Protests have waned at Bohemian Grove, but suspicion lingers
Back in 1984, some 300 demonstrators descended upon Bohemian Grove in Monte Rio, blockading the entrance to an annual summer conclave legendary for its woodsy, all-male bacchanal. They wove giant spiderwebs of yarn and string. Someone dressed as Flo the Whale. At least 50 people were arrested.
The main agitator was Mary Moore, who turned 87 this month and still lives in Camp Meeker. For Moore, the effort was rooted in the No Nukes movement. Only when a Bohemian Grove employee leaked guest lists sometime in the early 1980s had she realized how many of the men crafting global arms policy at the time were regular campers among the redwoods each July.
“We made the point that it’s all connected, in the sense that someone is profiting from doing these things that are not good for humanity,” Moore said.
But the protests have become smaller and more sporadic over the years. Lately, they haven’t been more than a couple guys showing up here and there to yell at arriving guests on video.
Thursday morning, with the Bohemian Club of San Francisco (which organizes the summer camp) celebrating its 150th anniversary and members trickling in for the Grove’s final weekend of 2022, there was no opposition at all on Bohemian Avenue. As a steady stream of cars approached the checkpoint — from appearances, a mix of employees, trade workers and well-heeled attendees in Range Rovers — the only uninvited guests were a couple of wild turkeys crossing the road.
With the world in literal and metaphorical flames, it seems folks here have simply lost interest in Bohemian Grove.
But the Grove endures, as mysterious and exclusive as ever. Its guest list remains a guarded secret, but almost certainly includes current and former heads of states, CEOs of multinational corporations and old-money trust funders.
And there is no denying the summer camp’s impact on the surrounding area. The local roads were especially clogged for a Thursday morning, and workers at a couple of Monte Rio businesses said sales pick up in July, when the Grove is occupied for three weekends.
The effect on regional air traffic is demonstrable. Over the eight-year period between 2014 and 2021, July was the busiest month at Charles M. Schulz-Sonoma County Airport seven times, according to tower aircraft counts, with an average of about 8,100 planes. Pilots of small planes can generally land at any regional airport by radioing air traffic control as they approach.

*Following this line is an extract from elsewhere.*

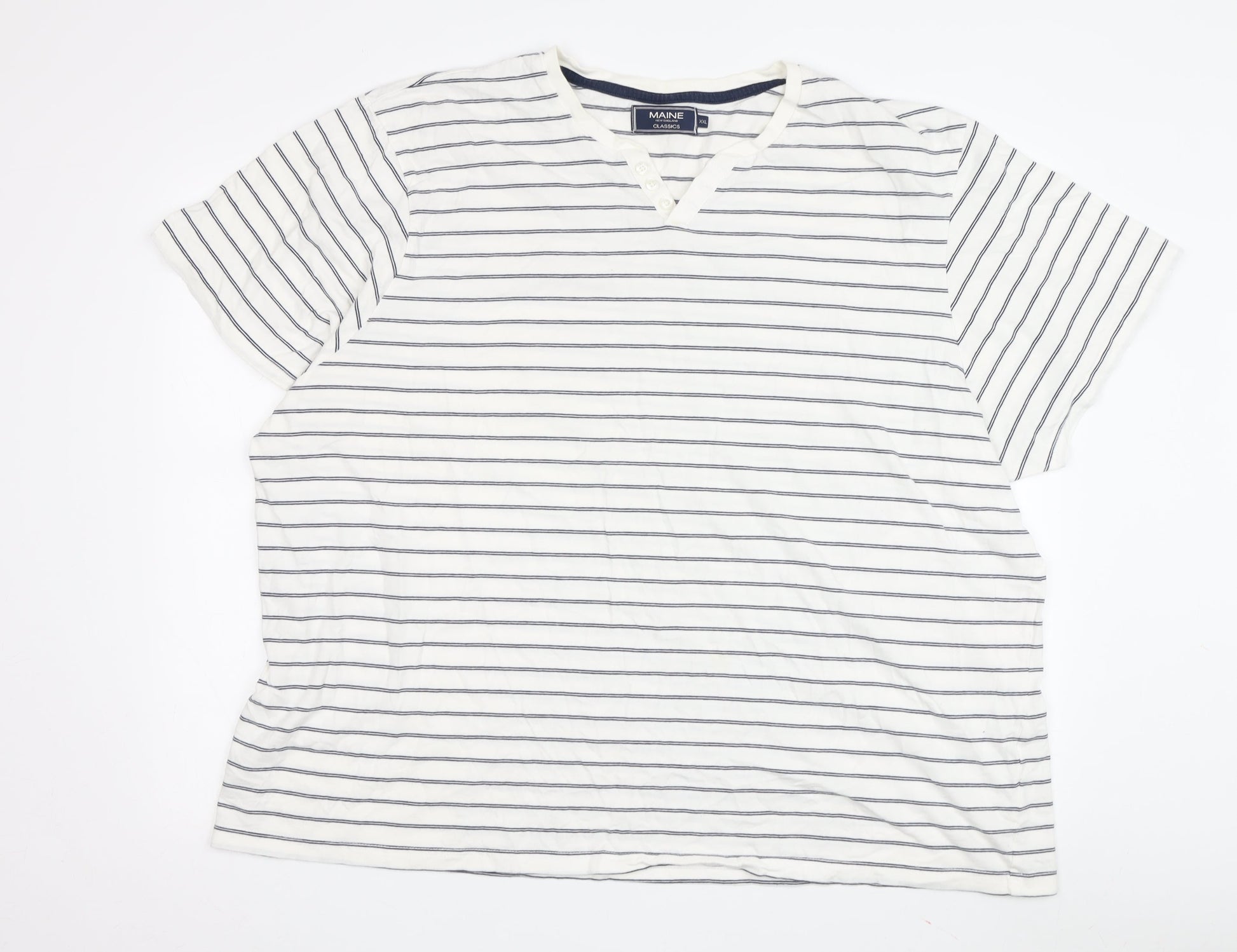 Maine New England Men's XXL White Striped V-Neck T-Shirt

Over three consecutive four-day weekends in July, that option is off the table at Schulz Sonoma County.
The Federal Aviation Administration left no doubt about the reason in a notice it sent out July 19.
“The (prior permission required) program is being utilized to accommodate the increased demand for airport parking and services ahead of the 2022 Bohemian Grove event,” it read. The FAA said to expect “an increase of High Performance and Business Jet traffic” at Napa County and Schulz-Sonoma County airports.
From Hoover to George W
The Bohos, as they’re called, have their supporters.
“It’s collaborative. They’re good neighbors to us,” said Michele McDonell, a fourth-generation Monte Rio native who was helping to set up for Thursday night’s 111th Annual Monte Rio Variety Show at the town’s outdoor amphitheater. “And the fact that they steward 2,700 acres of pristine forest.”
The variety show features big-name musical acts that wander down the hill from Bohemian Grove. The 2022 edition, the first live show since before the pandemic, included late-night TV host Conan O’Brien and rock star Jimmy Buffett. Reached Friday, McDonell said it looked like the fundraiser pulled in “north of $100,000” for its three beneficiaries — St. Catherine’s Catholic Church, the Monte Rio Fire Services Foundation and the Monte Rio School Foundation.
There are unofficial winners, too. Sophie’s Cellars in nearby Duncans Mills is famously reputed to have filled a $20,000 wine order from a Boho years ago.
Why would anyone protest that? Because the Grove’s membership rolls and guest lists — each of the 2,600 men on the former is allowed to put one man on the latter — have included pretty much everyone a peacenik might have blamed for the state of the world over the past 100 years or more.
That would include every Republican president from Herbert Hoover to George W. Bush, hawkish U.S. Secretaries of State Henry Kissinger and George Shultz, Gulf War architects Donald Rumsfeld and Colin Powell, right-wing donors Charles and James Koch, Rockefellers and Bechtels.
The Manhattan Project team even used the Grove clubhouse for a meeting in 1942, a step toward development of the first atomic bombs.